The Unknown Perpetrator Doctrine begins to unravel when you add in third parties. The access to the child by third parties–such as relatives, day care workers, or people at a park–during the time frame of the injuries has in some cases caused courts to reverse TPRs on the basis that you can no longer say that each parent falls into one of the two fault-worthy roles. The Doctrine also loses strength in TPR cases when the injuries themselves are not obvious.

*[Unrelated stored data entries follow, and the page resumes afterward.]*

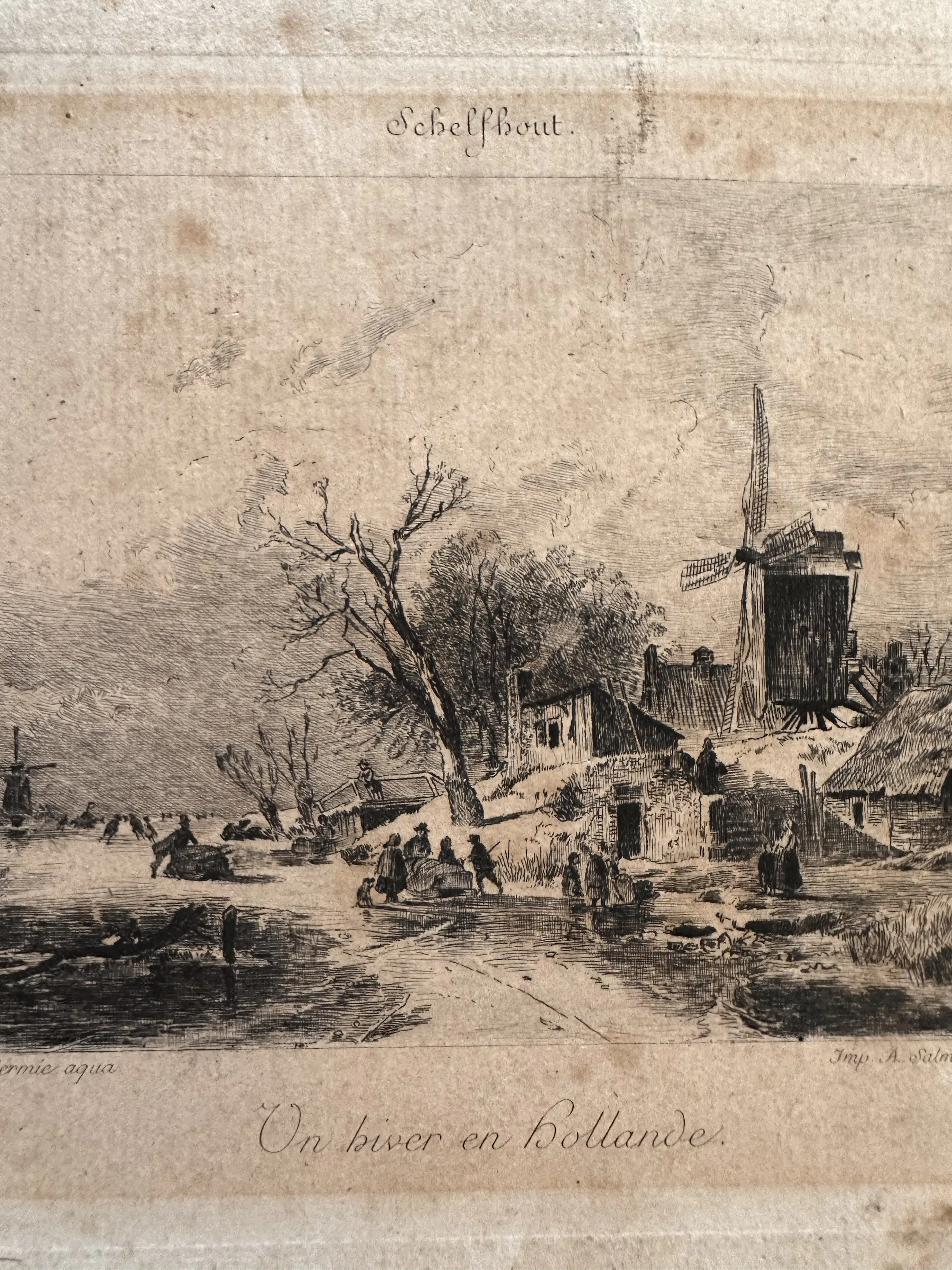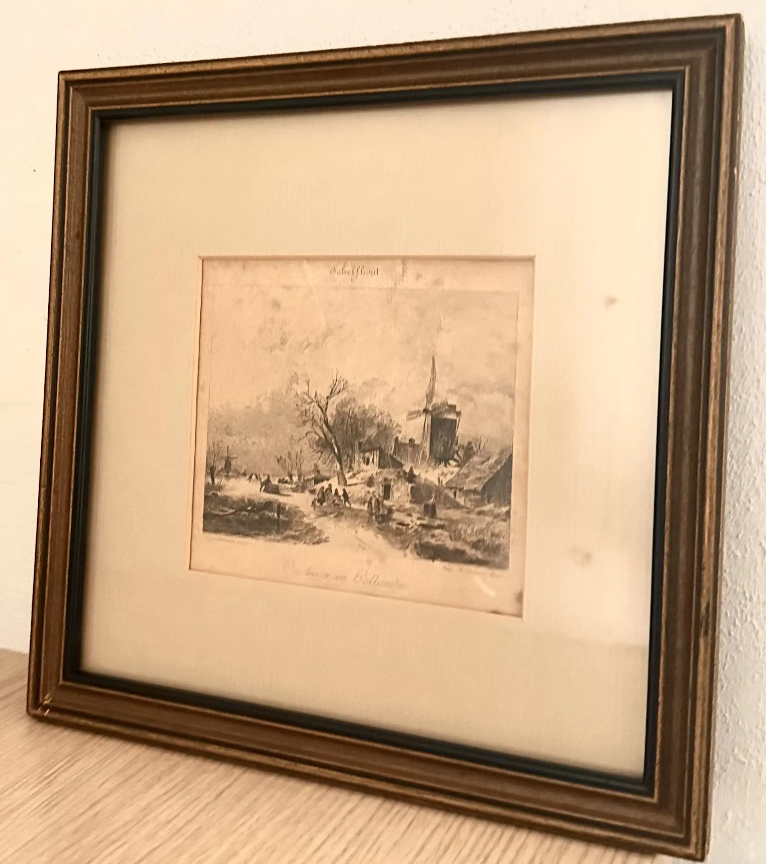 Oude tekening van Schelfhout. Potlood en inkt. Hollands tafereeltje met molen. Lijst moet opnieuw vastgemaakt worden maar is verder intact.
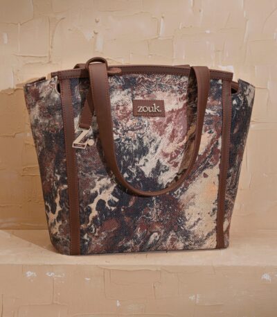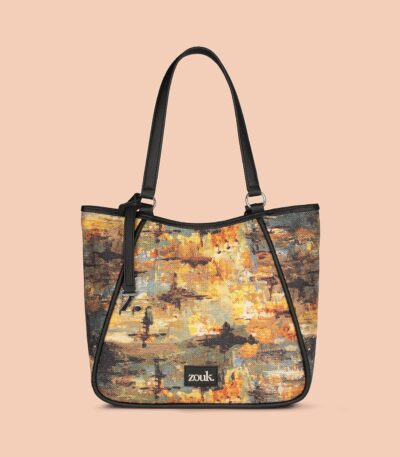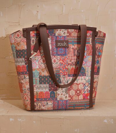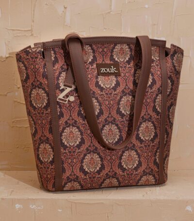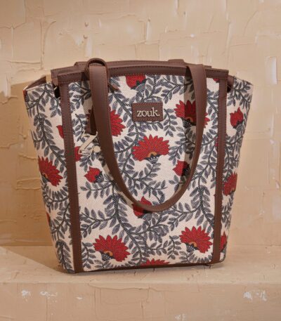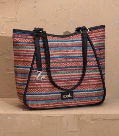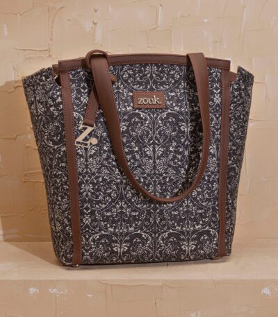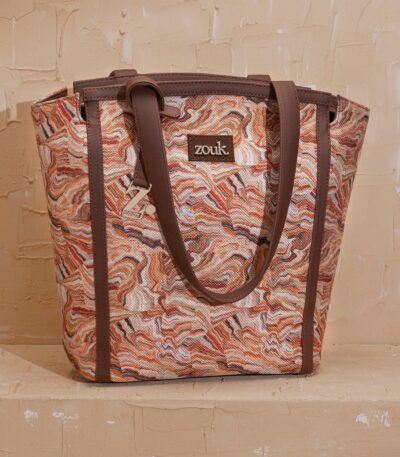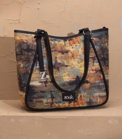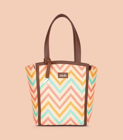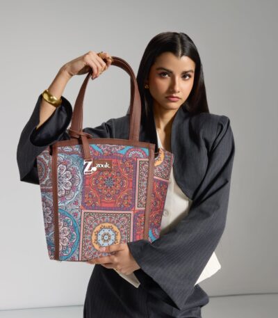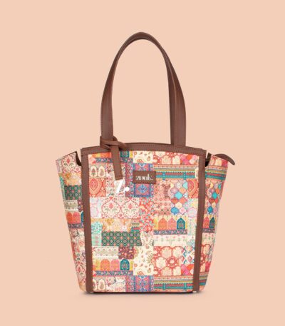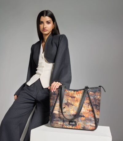 The Adira Tote Bag is designed for those who need a perfect balance of sophistication and practicality. It’s a 100% PETA-approved and proudly Indian tote bag that features contrasting vegan leather strips on fabric, a distinctive cutout detail, and the signature Z-dot charm.
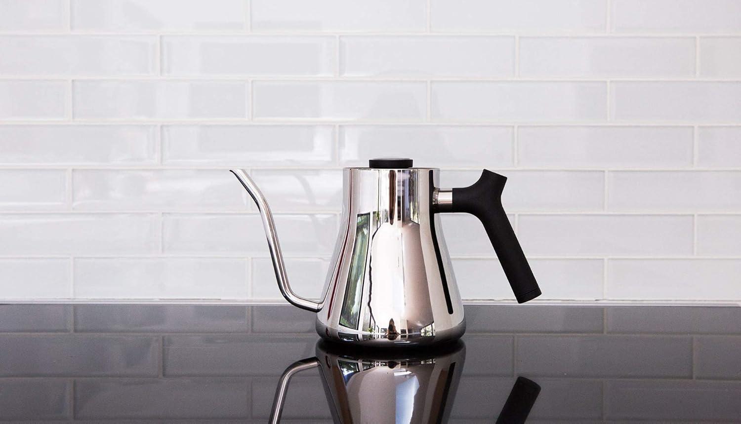 Fellow Stagg Stovetop Pour-Over Coffee and Tea Kettle – Gooseneck Teapot with Precision Pour Spout, Built-In Thermometer, Matte White, 1 Liter(Polished Steel)
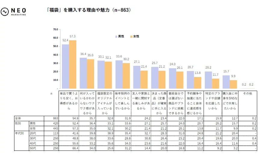 福袋を購入する理由や魅力は、「単品で買うよりも安く、お得感があるから」が54.9%で最多。年代別では、50代が66.4%で高く、年齢が上がるにつれて高くなる。
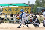 | Tコースケのバント失敗とヒッティング。右に打とうとしているのが分かります。 |

In the Third DCA’s case yesterday, the 11-month-old child had two bruises and a loopmark after a weekend with the father. Numerous people had access to the child during that time, and there was no evidence presented (or at least no facts recited in the opinion) that the father did or failed to do anything in particular. The evidence was limited to the injuries to the child plus the fact that the child was in the father’s custody for the weekend.
The Third DCA reversed:
Based on the definition of “harm,” there is substantial, competent evidence that H.C.(2) was harmed, as it is undisputed that she not only had significant bruises, but she also had a “loop mark” that is consistent with being hit with an instrument such as an electrical cord or a belt. However, the record is completely devoid of any evidence that the Father caused H.C.(2)’s injuries, allowed anyone else to inflict H.C.(2)’s injuries, or has ever hit or physically disciplined H.C.(2) or H.C.(1). Moreover, during the weekend, H.C. (2) was exposed to numerous individuals besides the Father and the Mother, including the Father’s then-wife, her two children, the maternal grandmother, and several of H.C.(2)’s cousins. Thus, the Department failed to establish by a preponderance of the evidence that the Father inflicted or allowed someone else to inflict these injuries on H.C.(2). We therefore reverse the order adjudicating the Children dependent as to the Father.

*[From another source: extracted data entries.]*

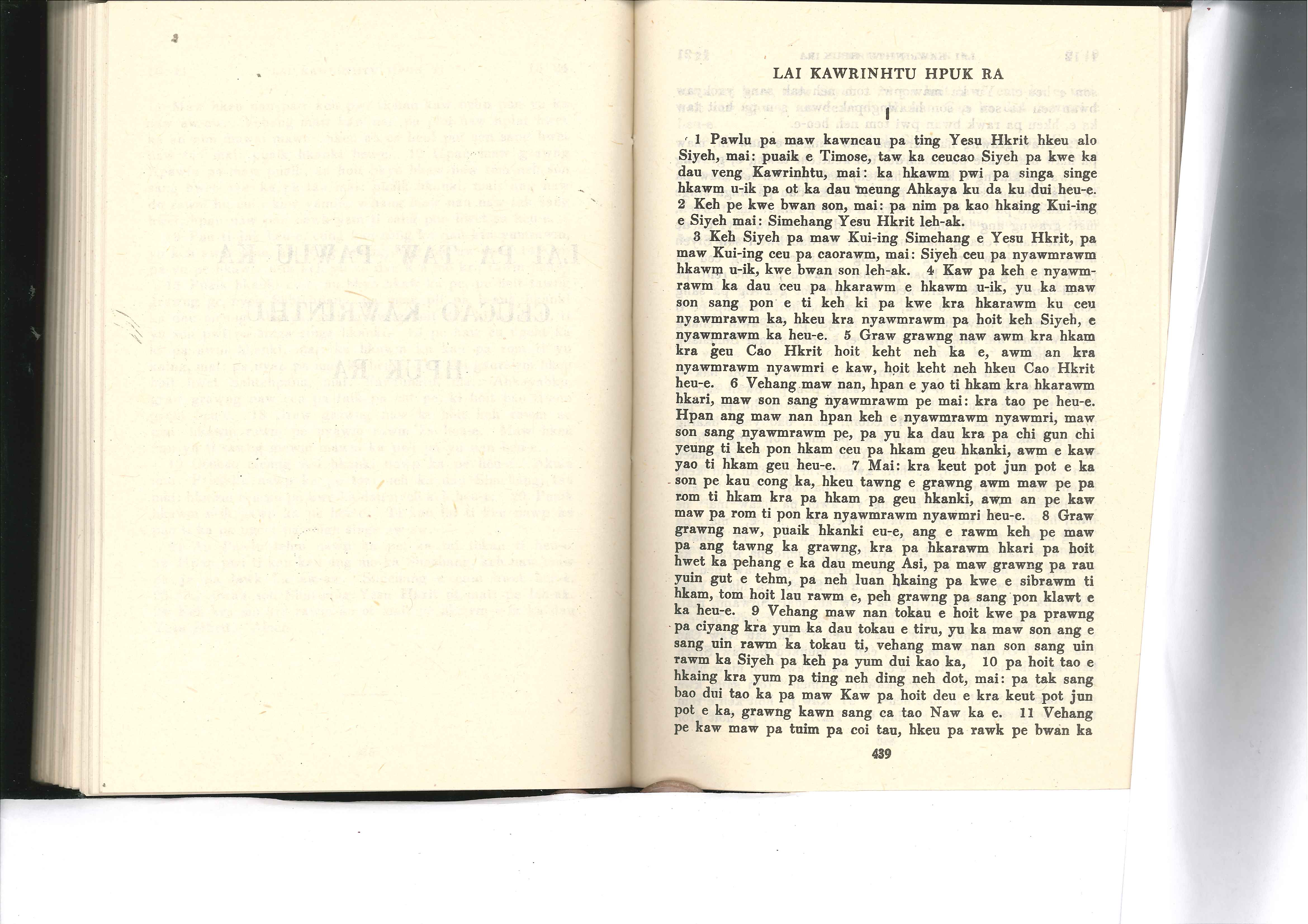 1985年佤文新约全书 哥林多后书 1 章 1 节到 1 章 11 节
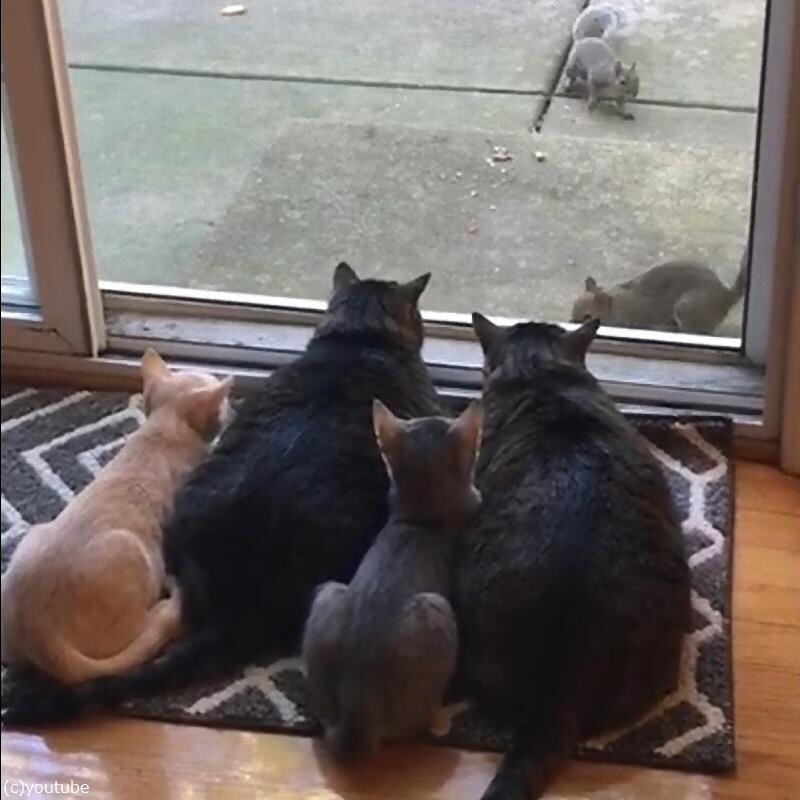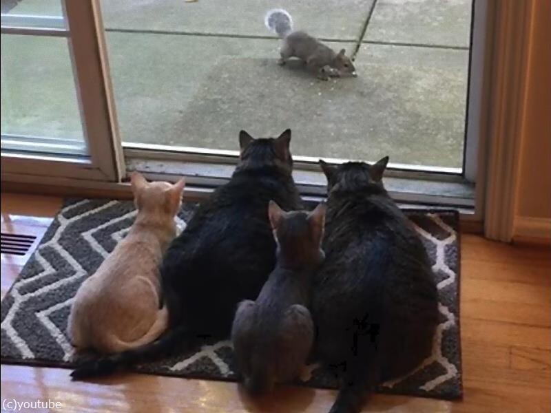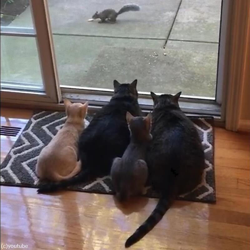 「ごくり…」リスが気になってしかたない猫ファミリー(動画)
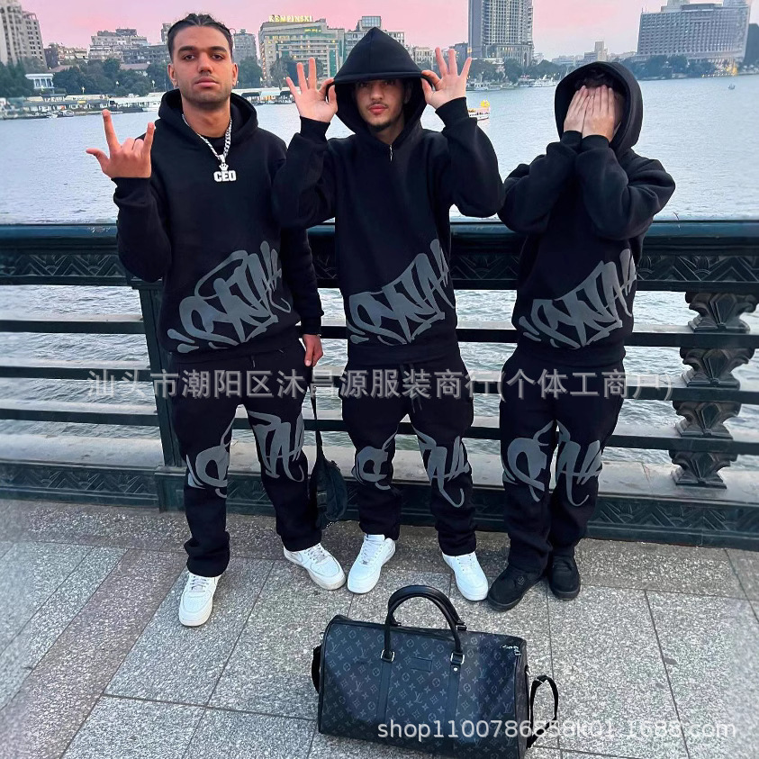 国境を越えた対外貿易ファッションのアメリカの流行のアルファベットのプリントは帽子のシャツの男女の街頭のヒップホップの衛衣のズボンをかぶせます。

These injuries are not legally considered “egregious.” And notably the opinion does not even mention the line of cases that favorably apply the Unknown Perpetrator Doctrine to egregious abuse TPRs. Instead, Judge Rothenberg looks only at the dependency statute and finds that it requires proof of a willful act by the parent. In a situation where the injury was not obvious and the parent did not have exclusive access to the child, there is not even circumstantial proof of a willful act.
At first this feels wrong, because a loop mark is obviously inflicted by a human. But we don’t know if that loop was done by a parent, an adult relative, or just kids at the park using a jump rope as a helicopter. Child welfare policy is the constant struggle between our desire to protect (certain) children and our concept of ordered liberty in which families are entrusted to care for them first. Based on the evidence, this child needed an ice pack and a maybe a band aid. If the Department could prove this child was at prospective risk of harm, I have to assume it would have. The Unidentified Perpetrator Doctrine only makes sense when limited to the most extreme cases of injury, or else it risks elevating every mysterious bruise or scratch into a basis for state intervention. We don’t have enough foster homes in the world for that.